I have seen several database cache engines, all are pretty dumb (i.e.: keep this query cached for X minutes) and require that you simply by hand remove the entire cache repository following a INSERT / UPDATE / DELETE query continues to be performed.

About two or three years back I developed an alternate DB cache system for any project I had been focusing on, the concept was essentially to make use of regular expressions to obtain the table(s) involved with a specific SQL query:

$query_patterns = array
(
    'INSERT' => '/INTO\s+(\w+)\s+/i',
    'SELECT' => '/FROM\s+((?:[\w]|,\s*)+)(?:\s+(?:[LEFT|RIGHT|OUTER|INNER|NATURAL|CROSS]\s*)*JOIN\s+((?:[\w]|,\s*)+)\s*)*/i',
    'UPDATE' => '/UPDATE\s+(\w+)\s+SET/i',
    'DELETE' => '/FROM\s+((?:[\w]|,\s*)+)/i',
    'REPLACE' => '/INTO\s+(\w+)\s+/i',
    'TRUNCATE' => '/TRUNCATE\s+(\w+)/i',
    'LOAD' => '/INTO\s+TABLE\s+(\w+)/i',
);

I understand these regexs most likely possess some defects (my regex abilities were pretty eco-friendly in those days) and clearly don't match nested queries, consider I never rely on them that is not an issue for me personally.
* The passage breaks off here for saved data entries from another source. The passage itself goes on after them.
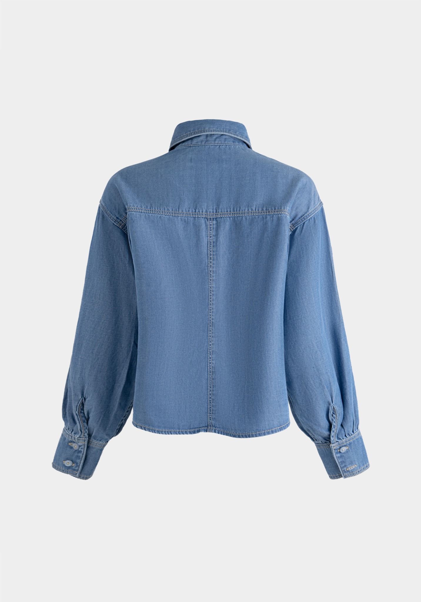 Áo Sơ Mi Denim Xanh Nhạt Form Crop Rộng Dài Tay - 224WD2034B1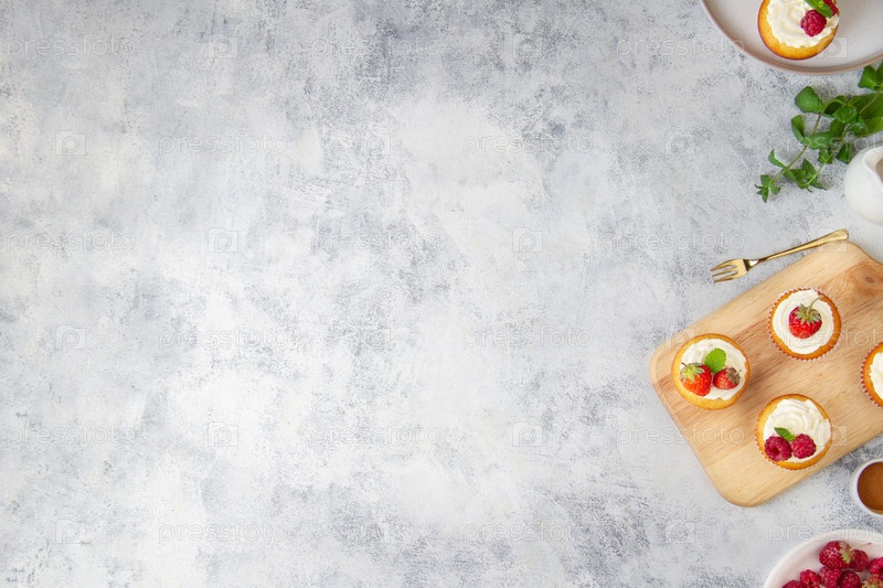 Бетонный фон с границей кексов на деревянной доске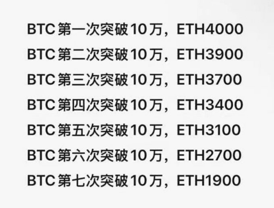 市场上谈论以太坊的人,突然变得多了起来,很明显的是在社交平台上,再度出现以太坊崛起的口号和此起彼伏的ETH价格晒图。而就在不久之前,这一曾经的山寨龙头,一度被众人有意无意地投以漠视的目光。归根结底,在本轮牛市中,ETH的表现实属让人难以满意,有心人士甚至做表对BTC从第一次到第七次突破10万美元时的ETH价格情况进行了对比,结果是ETH一路走低,甚至离1300美元仅有一步之遥,ETH/BTC更是接连创下5年新低,山寨季何时到来,还能不能来,成为了市场上的无解难题。

Anyway, after locating the involved tables I'd alphabetically sort them and make up a new folder within the cache repository using the following naming convention:

+table_a+table_b+table_c+table_...+

Just in case of the SELECT query, I'd fetch the outcomes in the database, serialize() them and store them within the appropriate cache folder, so for example the outcomes from the following query:

SELECT `table_a`.`title`, `table_b`.`description` FROM `table_a`, `table_b` WHERE `table_a`.`id` <= 10 ORDER BY `table_a`.`id` ASC;

Could be saved in:

/cache/+table_a+table_b+/079138e64d88039ab9cb2eab3b6bdb7b.md5

The MD5 being the query itself. Upon a consequent Choose query the outcomes could be trivial to fetch.

Just in case of any other kind of write query (INSERT, REPLACE, UPDATE, DELETE and so forth) I'd glob() all of the folders which had +matched_table(s)+ within their title all remove all of the file contents. By doing this it can't be essential to remove the entire cache, only the cache utilized by the affected and related tables.

The machine labored pretty much and also the difference of performance was visible - even though project had a lot more read queries than write queries. Since that time I began using transactions, FK CASCADE UPDATES / DELETES rather than had time to master the machine to really make it use these functions.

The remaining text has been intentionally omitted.